In [1]:
import numpy as np

<hr style="border-width:4px; border-color:coral"></hr>


# The QR Decomposition
<hr style="border-width:4px; border-color:coral"></hr>

From the SVD, we know that we can always decompose $A \in \mathbb C^{m \times n}$ as 

\begin{equation}
A = U\Sigma V^*
\end{equation}

where $U$ and $V$ have orthonomal columns, and $\Sigma$ is a diagonal matrix.   By convention, the columns in $U$ and $V$ are organized to correspond to a list of singular values $\sigma_{ii}$ so that $\sigma_{11} \ge \sigma_{22} \ge \dots \ge \sigma_{rr} > 0$.  We also know that $\mbox{Col}(U) = \mbox{Col}(A)$.  However, we have no guarantee that a the first $j$ columns of $A$ span the same space as the first $j$ columns of $U$.  
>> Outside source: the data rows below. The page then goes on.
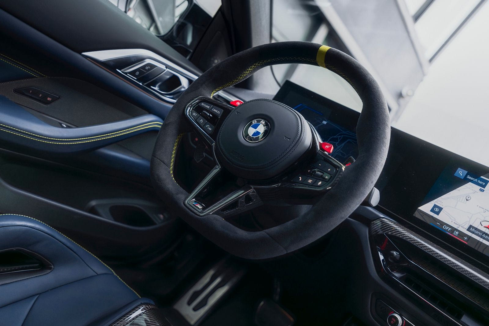 Η οροφή από ανθρακονήματα – όπως και τα βαμμένα στο χέρι πλαϊνά του αυτοκινήτου – κοσμείται με ένα μεγάλο λογότυπο VR46 (επίσης σε κίτρινο χρώμα) και την υπογραφή του Rossi. Στην πίσω πόρτα υπάρχει η επιγραφή VR46. Οι κίτρινες λεπτομέρειες απαντώνται και στο εσωτερικό της BMW M4 CS Edition VR46, που έχει ως βασικό χρώμα το Night Blue. Τα μπάκετ καθίσματα M Carbon είναι επενδεδυμένα με δέρμα Merino σε χρωματικό συνδυασμό Black/Night Blue. Η απόχρωση Sao Paulo Yellow στην περιοχή των ώμων, η οποία φέρει επένδυση Alcantara, προσφέρει μια μοναδική αντίθεση.
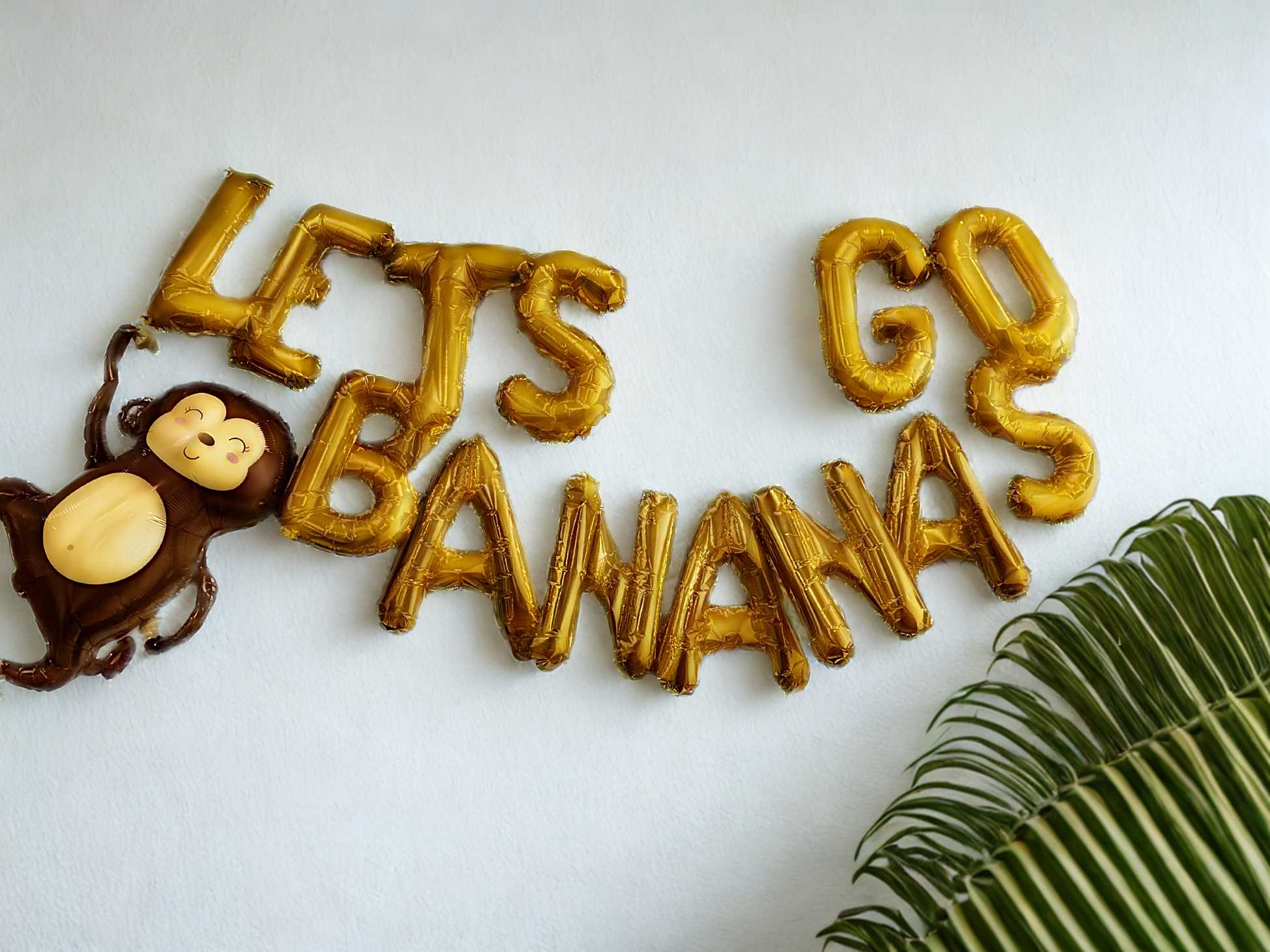 - Wall Decor - "Lets Go Bananas" mylar balloon banner, green fringe backdrop
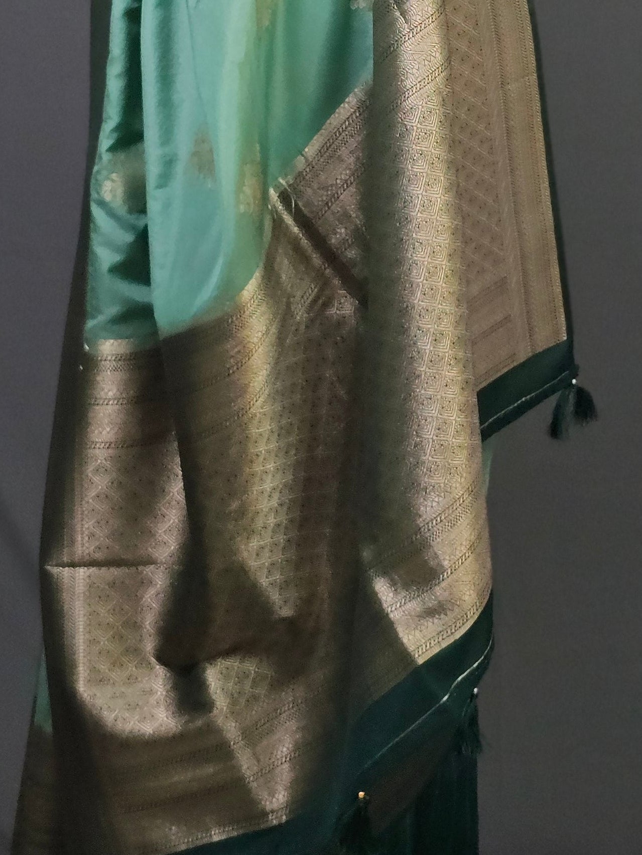 This saree reflects nature's eternal abundance—turquoise green carries the serenity of sacred waters, the harmony of temple gardens, and the peaceful energy of Vrindavan's divine landscapes. Like the Yamuna at dawn, this color embodies tranquility, growth, and spiritual balance. The rich gold zari border and pallu mirror sunlight dancing on water, creating an elegant interplay of earth and celestial gold.

In the following, assume that $A$ has full column rank $n$.   Consider a set of orthonormal vectors $\{\mathbf q_1, \mathbf q_2, \dots \mathbf q_n\}$ such that

\begin{equation}
\langle \mathbf a_1, \mathbf a_2, \dots, \mathbf a_j\rangle = \langle \mathbf q_1, \mathbf q_2, \dots, \mathbf q_j\rangle, \qquad j = 1,2,\dots, n
\end{equation}

where $\langle \dots \rangle$ denotes the space spanned of the enclosed vectors.  We can then write

\begin{eqnarray}
\mathbf a_1 & = & r_{11} \mathbf q_1 \\
\mathbf a_2 & = & r_{12} \mathbf q_1  + r_{22} \mathbf q_2\\
& \dots & \\
\mathbf a_n & = & r_{1n} \mathbf q_1  + r_{2n} \mathbf q_2 + \dots + r_{nn} \mathbf q_n\\
\end{eqnarray}


#### Question

How can we write this in matrix form?  



## The QR decomposition

<hr style="border-width:2px; border-color:black"></hr>

The matrix form suggested by the above set of equations is the $QR$ decompostion, given by 

\begin{equation}
A = QR
\end{equation}

where $Q = [\mathbf q_1, \mathbf q_2, \dots \mathbf q_n]$ is $m \times n$, and $R$ is an upper triangular $n \times n$ matrix with entries $r_{ij}$. 

As with the SVD, we also have a *full* $QR$ decomposition in which $Q$ is a square $m \times m$ matrix, and $R$ is $m \times n$.  For this purposes here, however, the $QR$ decomposition will refer to a *reduced* decomposition.  

## Gram-Schmidt orthogonalization

<hr style="border-width:2px; border-color:black"></hr>

How can we compute such vectors $\mathbf q_j$ and the entries of $R$?  In our first approach, we will use a classical algorithm called the Gram-Schmidt algorithm.  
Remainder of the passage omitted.